Proxima’s officially estimated ‘true’ angular diameter is 0.001 arcseconds, though it certainly appears much larger in our telescopes. Since the Sun’s observed angular diameter is 1920 arcseconds, Proxima’s ‘actual’ angular diameter is thus reckoned to be 1 920 000 times smaller than the Sun’s. That’s almost 2 million times smaller! To put this into perspective, Figure 23.3 shows how an object a hundred times smaller than the Sun would look like in the night sky. Now, if the tiny dot in the figure was not just a hundred times but 2 million times smaller, I think we can all agree it would be invisible. Let that sink in.
Fig. 23.3 What a dot only 100 x smaller than the Sun would look like.
Proxima’s actual diameter is estimated by mainstream astronomers to be 1/7 that of our Sun. If the star were really 40 trillion km away (4.25 x 9 460 730 472 580.8 km), it would be 268775 times more remote than our Sun. According to this reasoning, the ‘true’ angular diameter would be 0.001″, an absurdly small value, whichever way you look at it.
• Angle subtended by Proxima if it were as big as the Sun = 1920” / 268775 ≈ 0.007”
• Officially claimed ‘true’ angular diameter of Proxima = 0.007” / 7 ≈ 0.001”
Now, is Proxima perhaps an exceptionally bright star? Well no, not according to officialdom.
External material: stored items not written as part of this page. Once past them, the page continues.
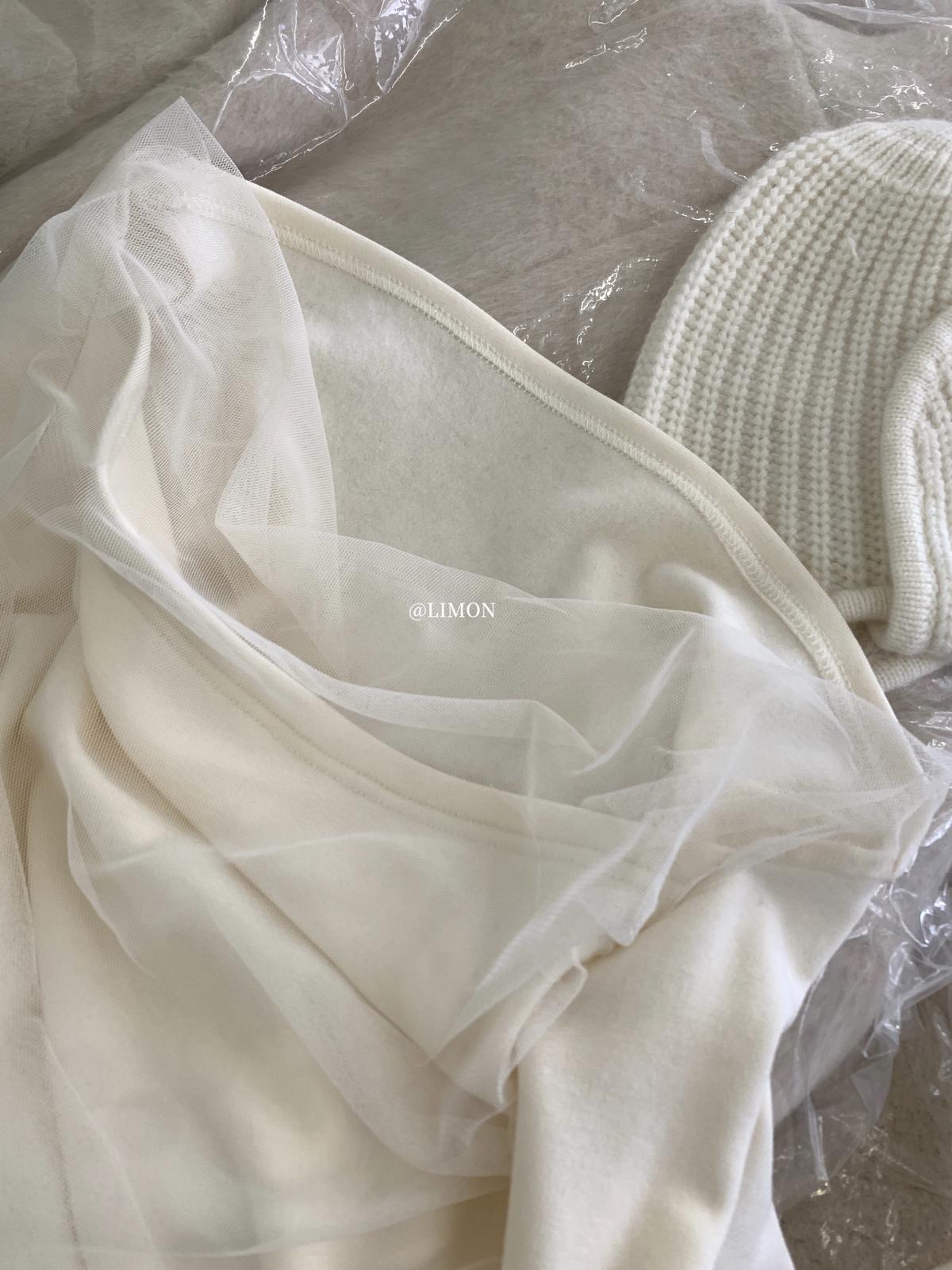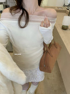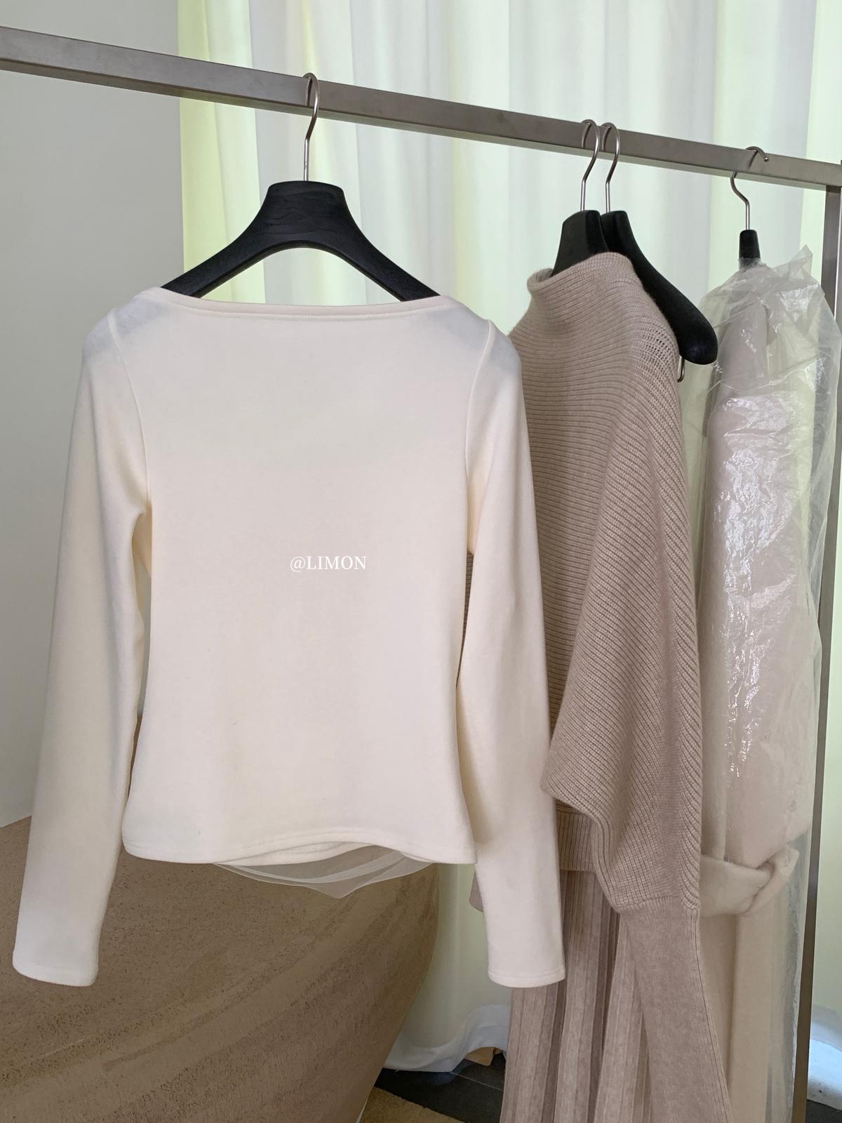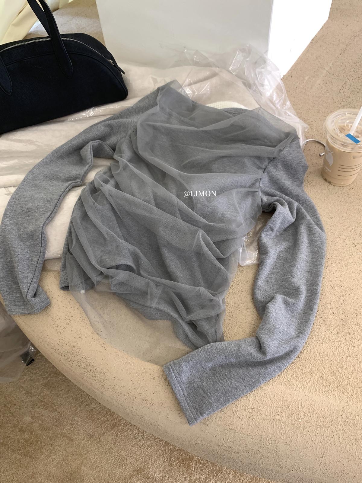 3. 【C8224】氛圍一字肩拼接網紗褶皺修身長袖T針織衫
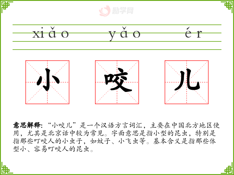 “小咬儿”是一个汉语方言词汇,主要在**北方地区使用,尤其是北京话中较为常见。字面意思是指小型的昆虫,特别是指那些叮咬人的小虫子,如蚊子、小飞虫等。基本含义是指那些体型小、容易叮咬人的昆虫。
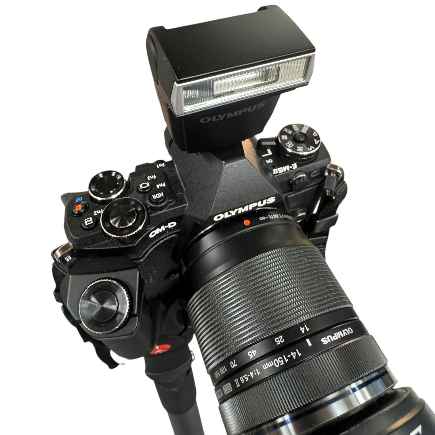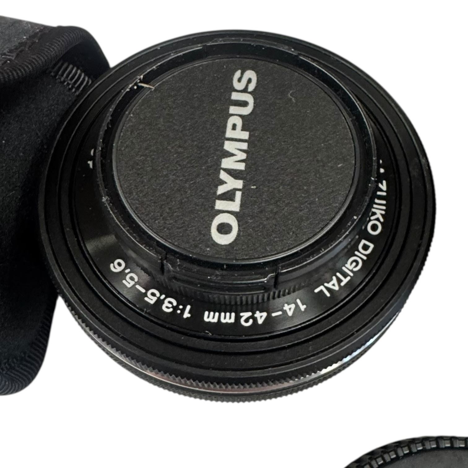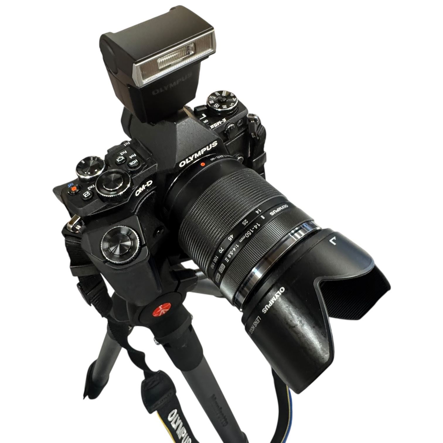 Olympus OM-D digital camera includes lenses and assorted accessories as pictured. Notable for its Micro Four Thirds system, renowned for compact size and high-quality imaging. Item is as pictured. Item has not been tested
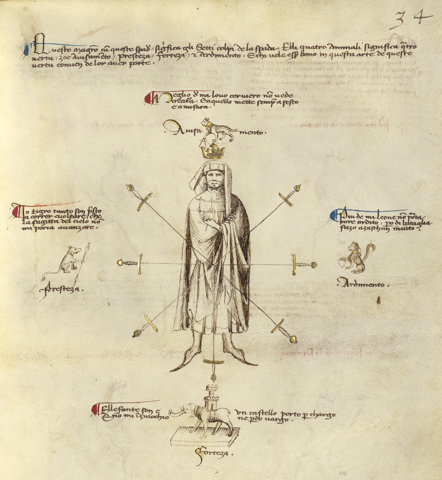 Nous avons choisi d’utiliser cette représentation théorique du savoir de Fiore dei Liberi pour notre nom de club sportif. En effet, Fiore est un des premiers grands maîtres d’armes à avoir écrit ses connaissances afin de les partager.
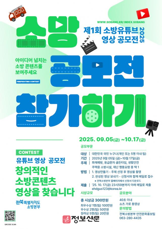![]() 전북특별자치도소방본부, 제1회 도민안전 소방유튜브 공모전’개최 |
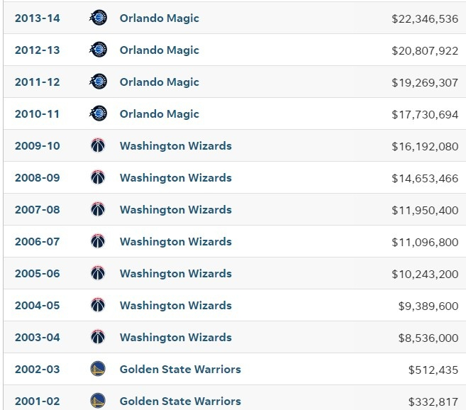 阿里纳斯的NBA薪资列表,生涯薪资总额1.6亿美元
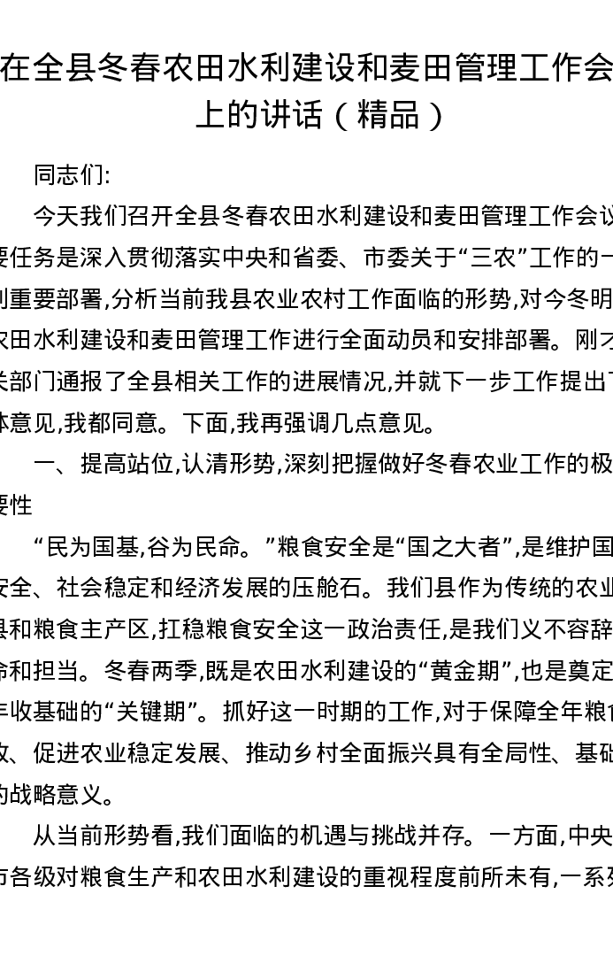 在全县冬春农田水利建设和麦田管理工作会议上的讲话
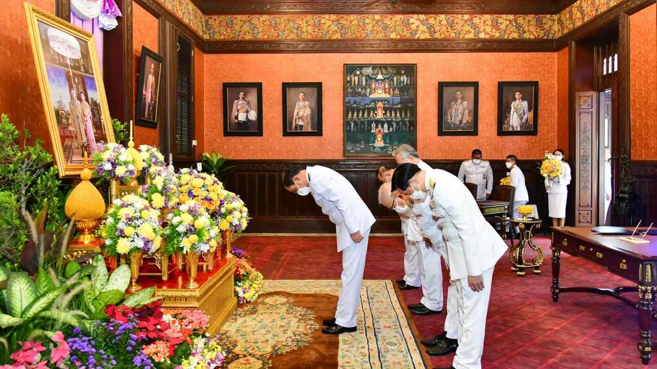 นายกรัฐมนตรีและภริยาถวายความเคารพพระบรมฉายาลักษณ์พระบาทสมเด็จพระเจ้าอยู่หัว และสมเด็จพระนางเจ้าฯ พระบรมราชินี แล้วทูลเกล้าฯ ถวายแจกันดอกไม้เบื้องหน้าพระบรมฉายาลักษณ์ฯ ดังนี้
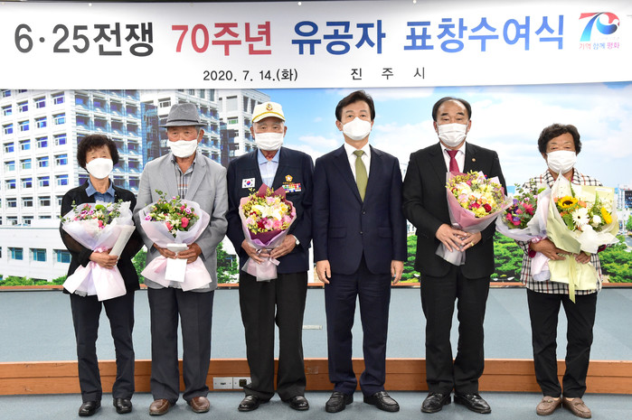 조규일 진주시장은 인사말을 통해 “올해는 6.25전쟁이 일어난 지 70주년이 되는 해임에도 코로나19로 인해 기념행사를 개최하지 못해 안타깝고 송구스럽다”며 “이렇게나마 그 노고에 보답하는 마음으로 표창을 드릴 수 있어 다행으로 생각한다”고 밝혔다.
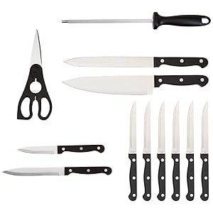 The AmazonBasics 14-piece knife set helps facilitate gourmet results, whether cooking for one or for a crowd. The popular all-purpose chef's knife features a curved blade for chopping with a smooth, back-and-forth rocking motion, while its wide blade surface allows for conveniently scooping up chopped veggies or minced herbs and transporting them quickly from the cutting board to a pot or pan on the stovetop.
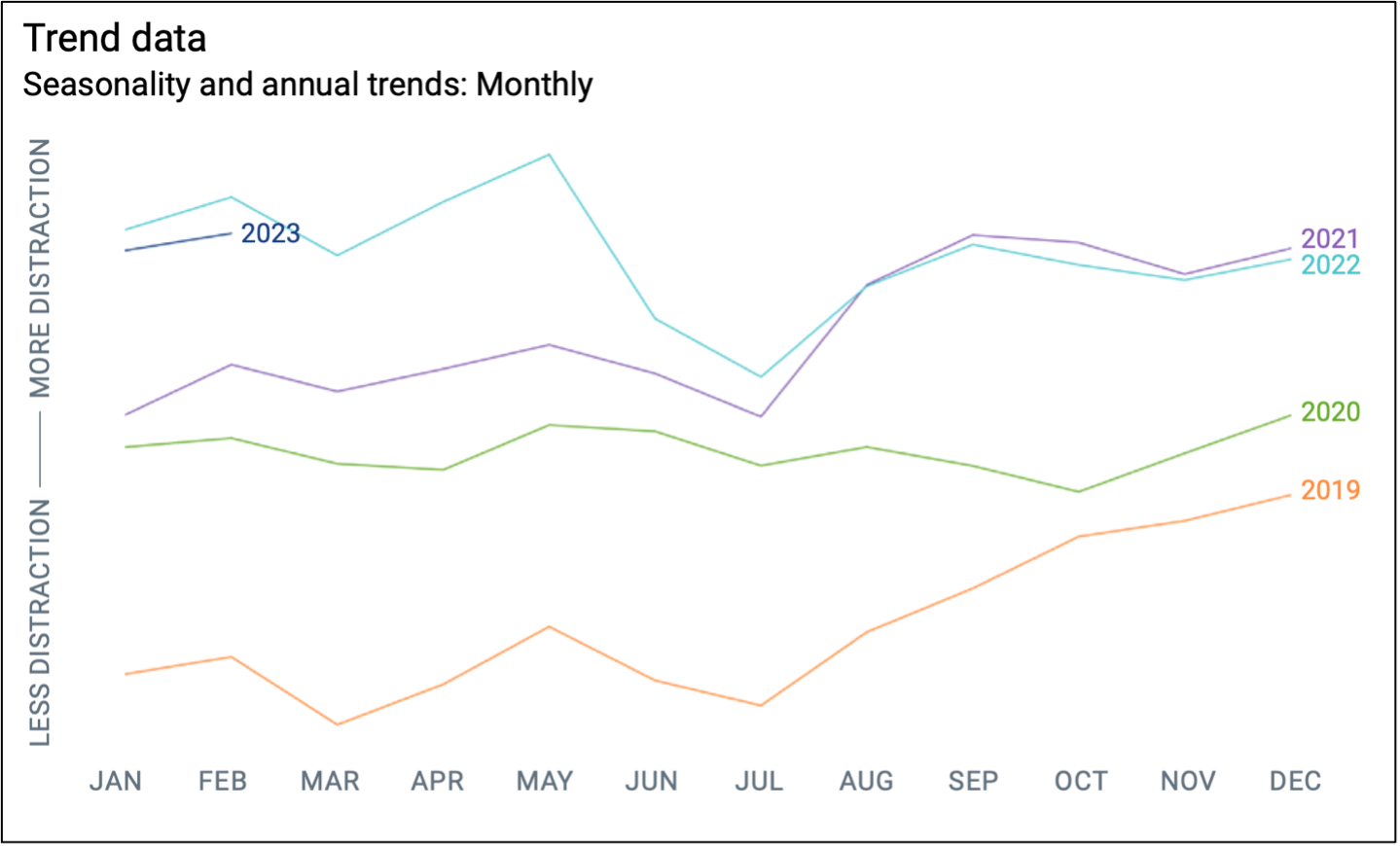 The researchers only looked at distraction events per mile driven rather than per capita or per licensed driver, which means motorists with lengthy highway commutes could potentially skew the data. The analysis also found that distraction went down on weekends nationwide, when roads tend to be less congested, as well as on summer days when motorists aren’t running into as many weather-related slowdowns that might compel them to pay more attention — if only to keep themselves safe from a high-speed crash.

Here is what the Wikipedia has to say about Proxima’s luminosity:
“(Proxima’s) total luminosity over all wavelengths is 0.17% that of the Sun, although when observed in the wavelengths of visible light the eye is most sensitive to, it is only 0.0056% as luminous as the Sun.” "Proxima Centauri" - Wikipedia (opens in a new tab)
In other words, the official data are telling us that Proxima, our very nearmost star…
• is about 7 times smaller than our Sun.
• is located 268775 times farther away than our Sun.
• has a far lower luminosity than our Sun (0.17% or less).
• has a ‘true’ angular diameter almost two million times smaller than our Sun
In light of these official claims, it is hard to fathom how Proxima Centauri can possibly be observed with a run-of-the-mill amateur telescope. On the other hand, assuming the TYCHOS reduction factor for star distances is correct, Proxima’s true angular diameter would amount to a more reasonable 42.633 arcseconds (42633″ x 0.001 = 42.633″), making its angular diameter only 45 times smaller than the Sun’s mean angular diameter of 1920″ (1920″ / 42.633″ ≈ 45). Note that 42 arcseconds is well below the angular resolution of the human eye (60″), so applying the TYCHOS reduction factor does not imply Proxima would be visible to the unaided eye from a distance of 6.3 AU. Yet, if it were placed next to our Sun, at a distance of only 1 AU, it would indeed be seen to be about 7 times smaller than the Sun (45 / 6.3 ≈ 7.1).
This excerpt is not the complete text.